The commonest clinical presentation is one of lymphadenopathy, most often in the upper half of the body, with involvement of cervical and/or axillary lymph nodes. The enlarged nodes are typically rubbery, discrete and mobile, and may achieve a considerable size. Radiological evidence of mediastinal involvement is present in over half of patients and on occasion may be massive, causing respiratory embarrassment. A third of patients with Hodgkin’s lymphoma have systemic symptoms (weight loss greater than 10%, unexplained pyrexia of 39°C or more, and drenching night sweats) and in a small proportion the clinical picture will be dominated by these symptoms. Classical Hodgkin’s lymphoma appears to arise in lymph nodes or the thymus, and spreads, certainly in its early stages, via the lymphatics in a contiguous and predictable fashion. Involvement of the liver and bone marrow is rarely seen in the absence of splenic involvement and thus the spleen appears to be the key to haematogenous dissemination.

Stage is an important determinant in the treatment and prognosis of patients with Hodgkin’s lymphoma; the staging system currently used is that proposed at the Ann Arbor workshop in 1971 and modified at the Cotswolds meeting in 1989.

Stage I. Involvement of a single lymph node region.
Stage II. Involvement of two or more lymph node regions on the same side of the diaphragm.
Stage III. Involvement of lymph node regions on both sides of the diaphragm (III), subdivided into III1 = upper abdominal disease (splenic, hilar, coeliac or portal disease) and III2 = lower abdominal disease (para-aortic, iliac and mesenteric disease).
Stage IV. Disseminated involvement of one or more extralymphatic organs such as liver, lung and bone marrow, with or without lymph node involvement.

The absence or presence of the systemic symptoms described above is indicated by the suffix A or B respectively; E indicates involvement of a single extranodal site contiguous with or proximal to a known nodal site; X denotes the presence of bulky disease, > one-third widening of the mediastinum at T5–6 or >10cm maximum dimension of a nodal mass. The survival of patients declines with advancing stage, bulky disease (X) and the presence of systemic (B) symptoms.

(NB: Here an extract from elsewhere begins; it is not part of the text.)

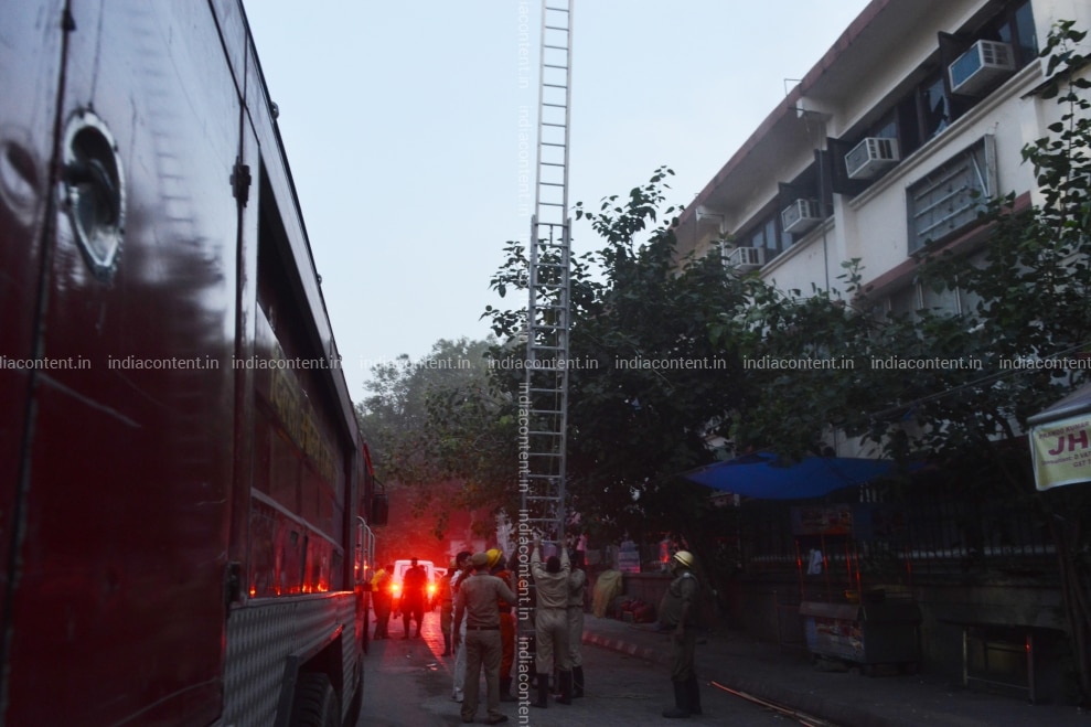 NEW DELHI INDIA AUGUST 27 Shot of firefighters while controlling the blaze after fire report at Vikas Bhawan in New Delhi. Photo by K Asif India Today Group

Classical Hodgkin’s lymphoma is also associated with a variety of haematological and biochemical abnormalities such as anaemia, lymphocytopenia, a raised erythrocyte sedimentation rate (ESR) and a low serum albumin. These abnormalities are also indicators of a reduced survival.


Classical Hodgkin’s lymphoma is principally a disease of lymph nodes. A lymph node biopsy is usually done to establish the diagnosis.

Macroscopically, affected lymph nodes are enlarged, with a smooth surface. Classical Hodgkin’s lymphoma, unlike the non-Hodgkin’s lymphomas, rarely breaches the lymph node capsule, a fact that accounts for the discrete nature of the lymphadenopathy upon palpation. The cut surface is usually homogeneously white (Fig. 22.6), although in some histological subtypes a nodular or fibrotic appearance may be present.